With Questions About His Ability to Negotiate, Abbas Comes to White House with Demands

By Caitlin Taylor

May 28, 2009 11:01am

Palestinian Authority President Mahmoud Abbas, 74, arrived in Washington, DC, yesterday, and attended a working dinner with Secretary of State Hillary Clinton.

Abbas today comes to the White House to meet President Obama, holding a list of demands. He wants Israel to commit to ending any settlement development and he wants Israel to commit to a Palestinian state.

But a chorus of voices are wondering if Abbas has the power to demand or negotiate anything.

Hamas spokesman Fawzi Barhoum this week said that “Abbas’ term in office had ended" and “he no longer represents the Palestinian people." Barhoum said Hamas wouldn’t accept any agreement signed by Abbas and that even several leaders of Abbas’s own Fatah movement won’t support him.

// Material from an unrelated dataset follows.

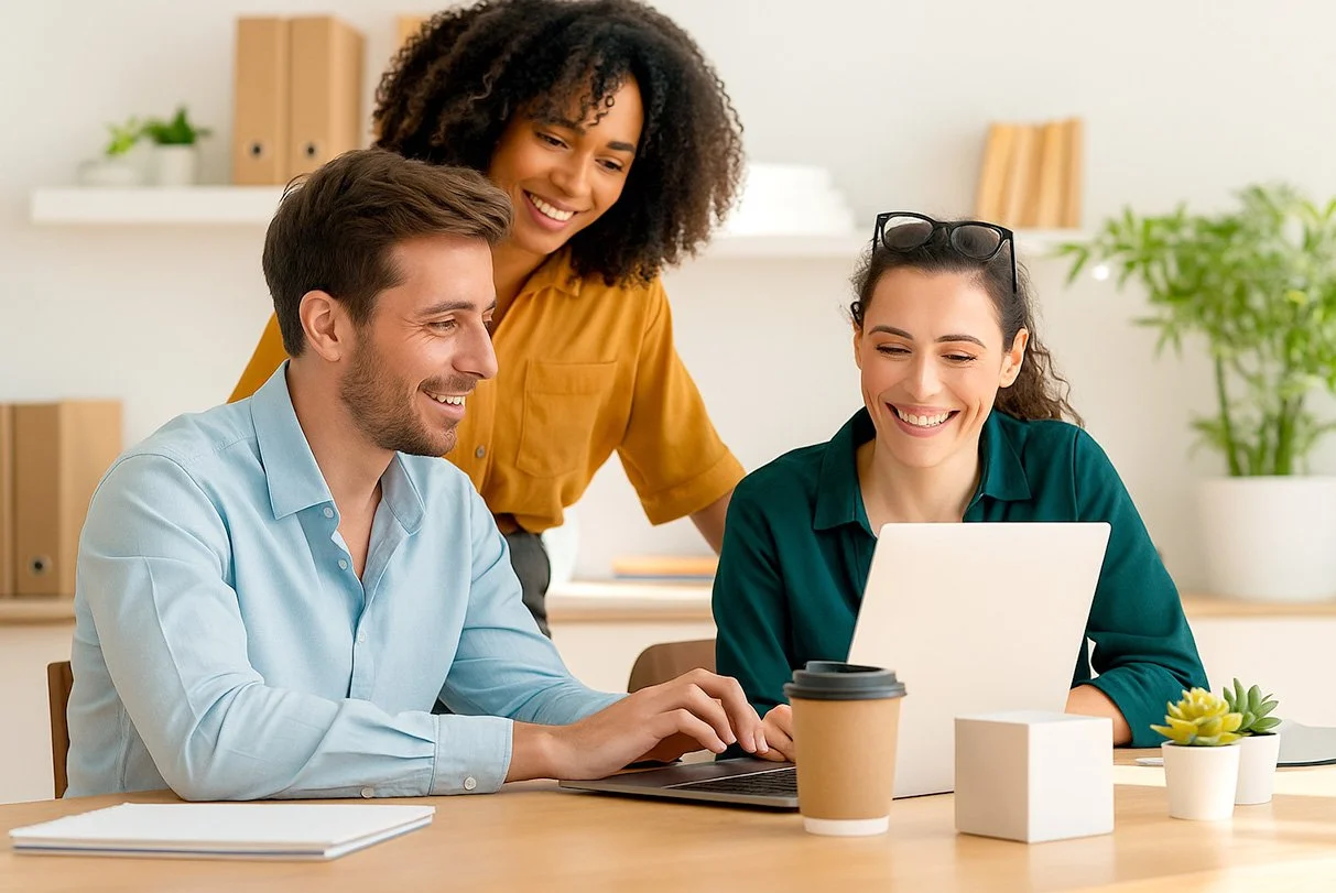 Three smiling coworkers working together at a desk with a laptop, coffee cup, and potted plants in an office.

“Gaza is still under siege, the occupation is still annexing Palestinian lands in the West Bank and East Jerusalem," Barhoum said. “Israel is still acting to void any possibility of a Palestinian state, and is acting to create a racist fundamental Jewish state by voiding the Palestinian rights”.

“Abbas doesn’t even have power in downtown Ramallah, where he works and lives,” Khaled Abu Toameh, the Arab-born West Bank and Gaza correspondent for the Jerusalem Post told Canadian reporters this week.

"When he is talking to the American administration, and the areas under his rule are divided, it does not bode well," Abbas’s own chief of staff, Rafiq Husseini, told the Washington Post. "Despite the difficulties and despite the disunity within the Palestinian debate, he is still the president and he is still ready to reach a deal" with the Israelis.

A new poll by Birzeit University suggests that 58 percent of Palestinians support a joint coalition of the Fatah and Hamas.

Standing alongside Egyptian Foreign Minister Ahmed Aboul Gheit, Secretary Clinton yesterday said President Obama made it clear last week to Israeli Prime Minister Binyamin Netanyahu that "he wants to see a stop to settlements — not some settlements, not outposts, not ‘natural growth’ exceptions. That is our position. That is what we have communicated very clearly. … And we intend to press that point."

What points does the White House plan on pressing with Abbas?

So far, despite repeated requests, the White House has no comment.